*** EXTRACTED MATERIAL Section Begins ***
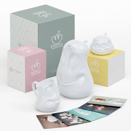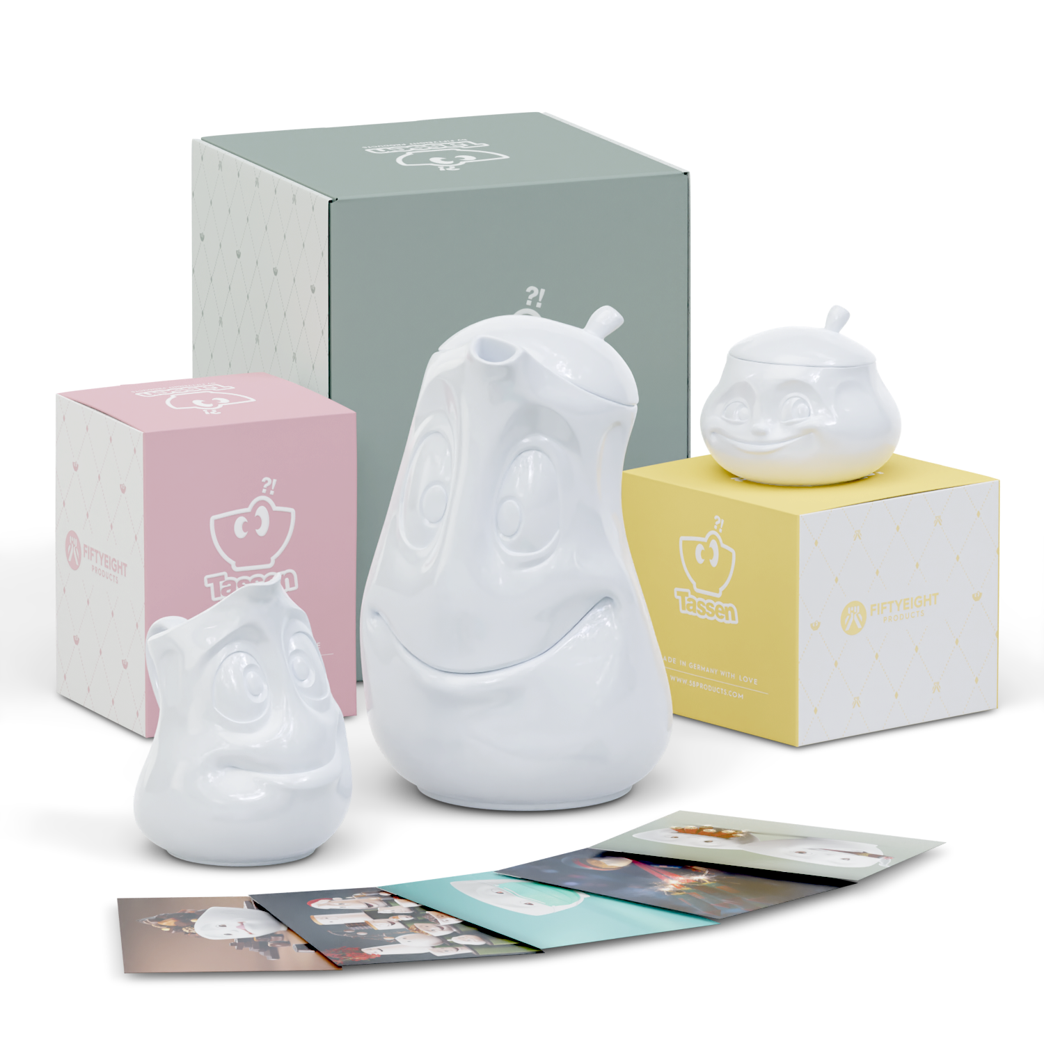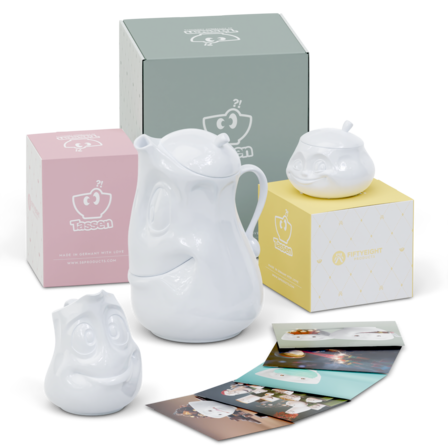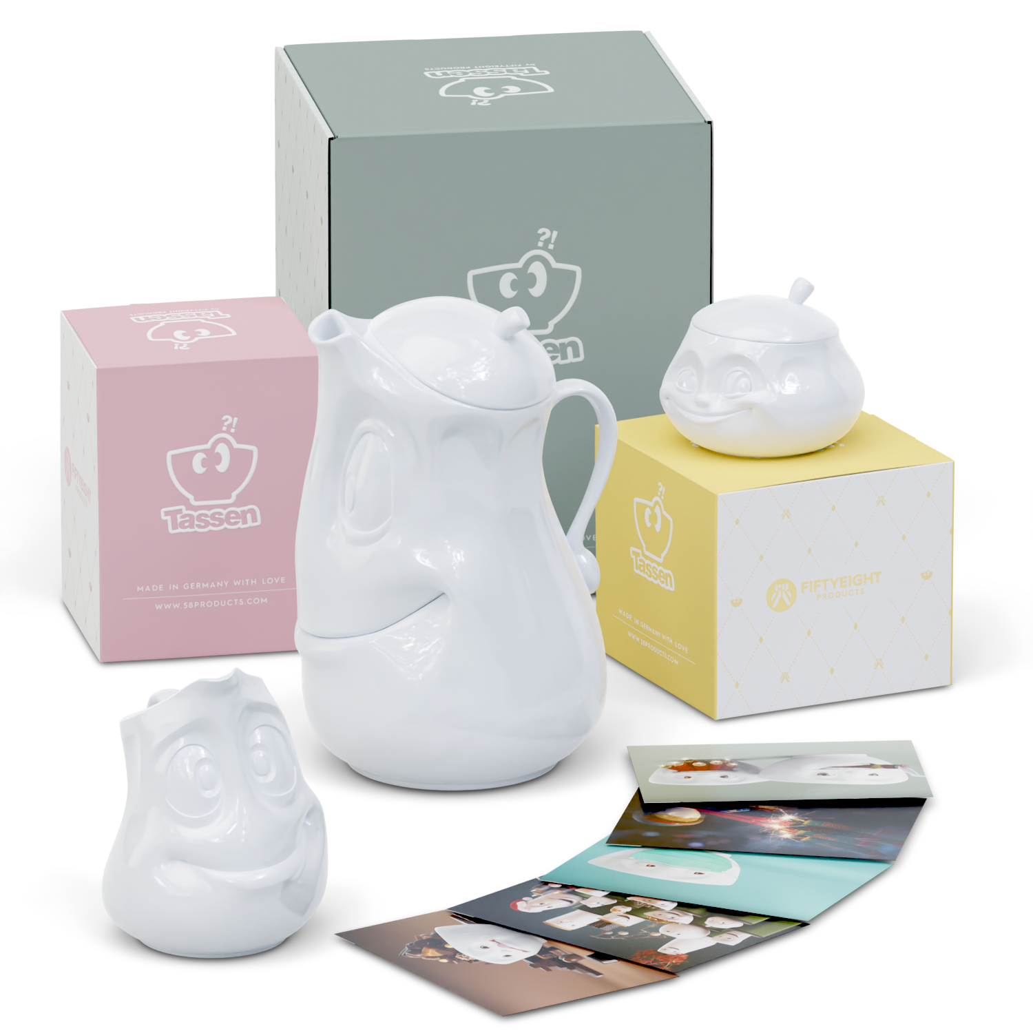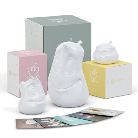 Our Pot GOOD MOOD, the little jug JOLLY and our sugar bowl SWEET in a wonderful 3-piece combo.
*** EXTRACTED MATERIAL Section Ends ***
*** EXTRACTED MATERIAL Section Begins ***
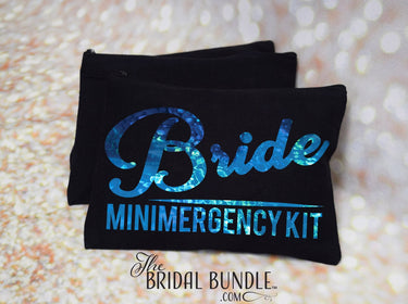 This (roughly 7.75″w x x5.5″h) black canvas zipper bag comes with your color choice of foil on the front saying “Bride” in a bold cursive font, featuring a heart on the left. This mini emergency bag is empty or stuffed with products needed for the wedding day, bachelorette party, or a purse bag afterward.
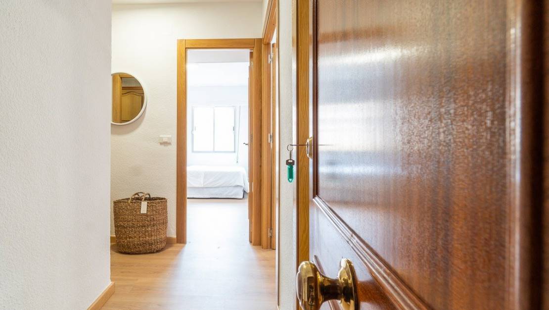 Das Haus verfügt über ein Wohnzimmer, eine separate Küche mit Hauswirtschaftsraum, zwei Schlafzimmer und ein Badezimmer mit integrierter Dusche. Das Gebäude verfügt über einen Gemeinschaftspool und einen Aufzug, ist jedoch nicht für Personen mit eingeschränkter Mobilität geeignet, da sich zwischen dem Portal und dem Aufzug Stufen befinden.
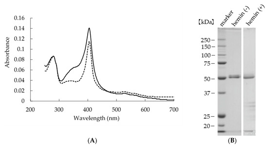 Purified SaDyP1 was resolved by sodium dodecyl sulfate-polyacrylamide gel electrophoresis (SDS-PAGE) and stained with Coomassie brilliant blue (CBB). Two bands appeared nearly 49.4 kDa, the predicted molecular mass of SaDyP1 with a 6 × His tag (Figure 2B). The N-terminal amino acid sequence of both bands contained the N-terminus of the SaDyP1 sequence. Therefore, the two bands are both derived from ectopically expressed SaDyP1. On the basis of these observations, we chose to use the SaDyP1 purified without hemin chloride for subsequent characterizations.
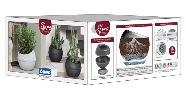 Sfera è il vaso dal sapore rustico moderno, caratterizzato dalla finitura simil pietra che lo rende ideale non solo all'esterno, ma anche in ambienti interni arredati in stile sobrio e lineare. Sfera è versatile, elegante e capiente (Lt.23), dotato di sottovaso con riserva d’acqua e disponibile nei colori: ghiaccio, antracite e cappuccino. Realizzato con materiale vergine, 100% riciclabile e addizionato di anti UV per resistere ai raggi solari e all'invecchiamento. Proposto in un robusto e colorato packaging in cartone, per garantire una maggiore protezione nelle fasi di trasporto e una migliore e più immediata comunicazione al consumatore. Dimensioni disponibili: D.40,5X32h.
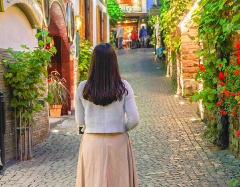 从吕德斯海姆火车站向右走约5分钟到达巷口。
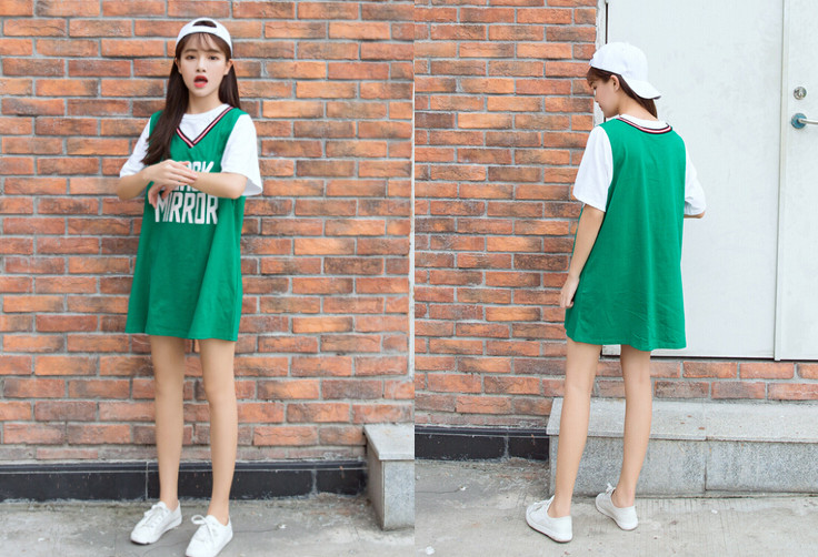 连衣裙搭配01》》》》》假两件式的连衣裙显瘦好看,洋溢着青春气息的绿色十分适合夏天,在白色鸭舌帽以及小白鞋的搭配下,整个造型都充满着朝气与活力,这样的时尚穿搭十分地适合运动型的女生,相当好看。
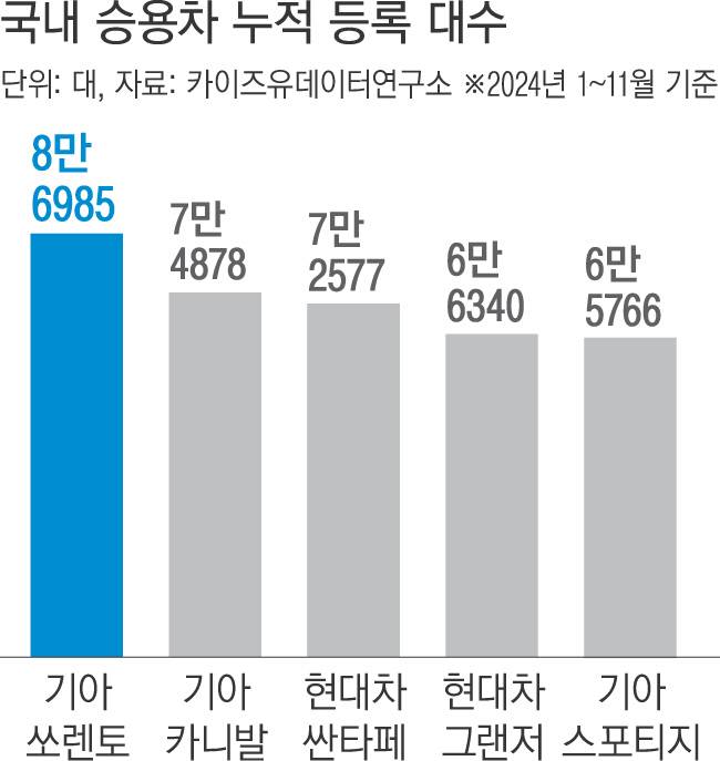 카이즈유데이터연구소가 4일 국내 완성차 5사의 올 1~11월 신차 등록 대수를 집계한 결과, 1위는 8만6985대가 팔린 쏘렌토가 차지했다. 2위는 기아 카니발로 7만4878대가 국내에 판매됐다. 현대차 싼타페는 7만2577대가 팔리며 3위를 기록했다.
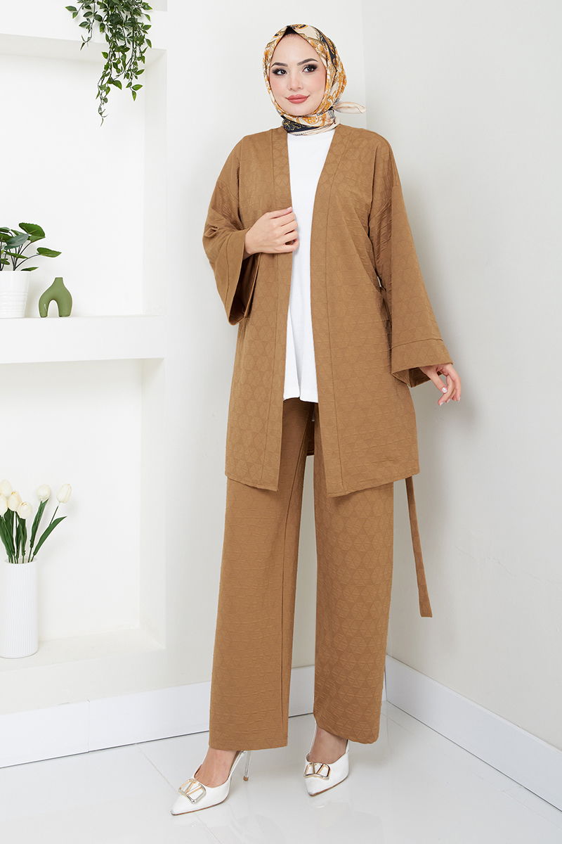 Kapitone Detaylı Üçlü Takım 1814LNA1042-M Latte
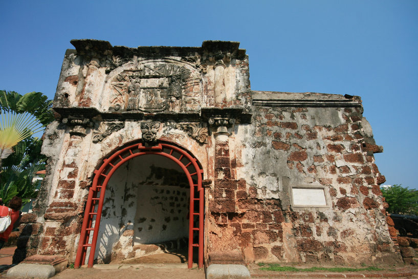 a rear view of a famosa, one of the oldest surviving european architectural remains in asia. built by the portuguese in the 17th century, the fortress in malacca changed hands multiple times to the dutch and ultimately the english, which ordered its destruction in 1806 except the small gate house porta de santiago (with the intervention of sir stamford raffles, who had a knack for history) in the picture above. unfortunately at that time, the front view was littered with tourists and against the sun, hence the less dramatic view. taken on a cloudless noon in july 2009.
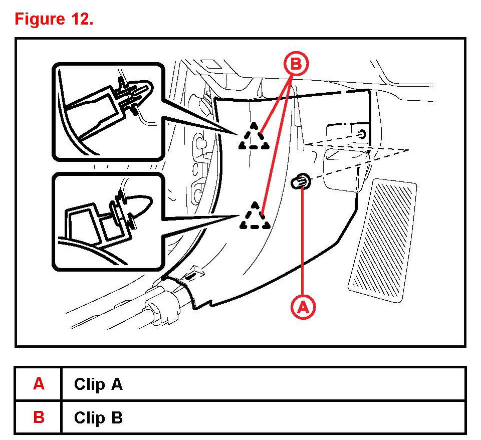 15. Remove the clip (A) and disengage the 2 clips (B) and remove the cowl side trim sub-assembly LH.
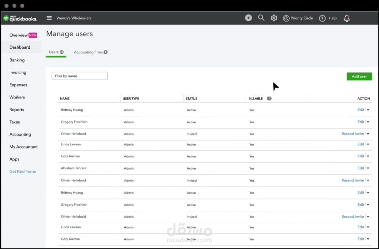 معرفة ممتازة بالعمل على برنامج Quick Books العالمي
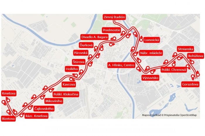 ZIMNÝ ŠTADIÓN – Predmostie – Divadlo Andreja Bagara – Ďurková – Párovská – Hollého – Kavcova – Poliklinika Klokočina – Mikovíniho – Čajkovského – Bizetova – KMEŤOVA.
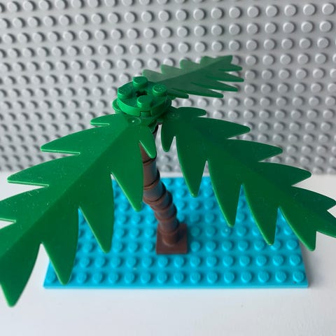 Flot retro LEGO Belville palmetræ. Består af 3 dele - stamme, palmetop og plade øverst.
*** EXTRACTED MATERIAL Section Ends ***
■ **EXERCISE**
Leave the pictures out, and transcribe exactly the lines above starting at the one that contains "Das Haus verfügt" and ending at the one that contains "Purified SaDyP1 was".

■ **RESPONSE TO THIS EXERCISE**
 Das Haus verfügt über ein Wohnzimmer, eine separate Küche mit Hauswirtschaftsraum, zwei Schlafzimmer und ein Badezimmer mit integrierter Dusche. Das Gebäude verfügt über einen Gemeinschaftspool und einen Aufzug, ist jedoch nicht für Personen mit eingeschränkter Mobilität geeignet, da sich zwischen dem Portal und dem Aufzug Stufen befinden.
 Purified SaDyP1 was resolved by sodium dodecyl sulfate-polyacrylamide gel electrophoresis (SDS-PAGE) and stained with Coomassie brilliant blue (CBB). Two bands appeared nearly 49.4 kDa, the predicted molecular mass of SaDyP1 with a 6 × His tag (Figure 2B). The N-terminal amino acid sequence of both bands contained the N-terminus of the SaDyP1 sequence. Therefore, the two bands are both derived from ectopically expressed SaDyP1. On the basis of these observations, we chose to use the SaDyP1 purified without hemin chloride for subsequent characterizations.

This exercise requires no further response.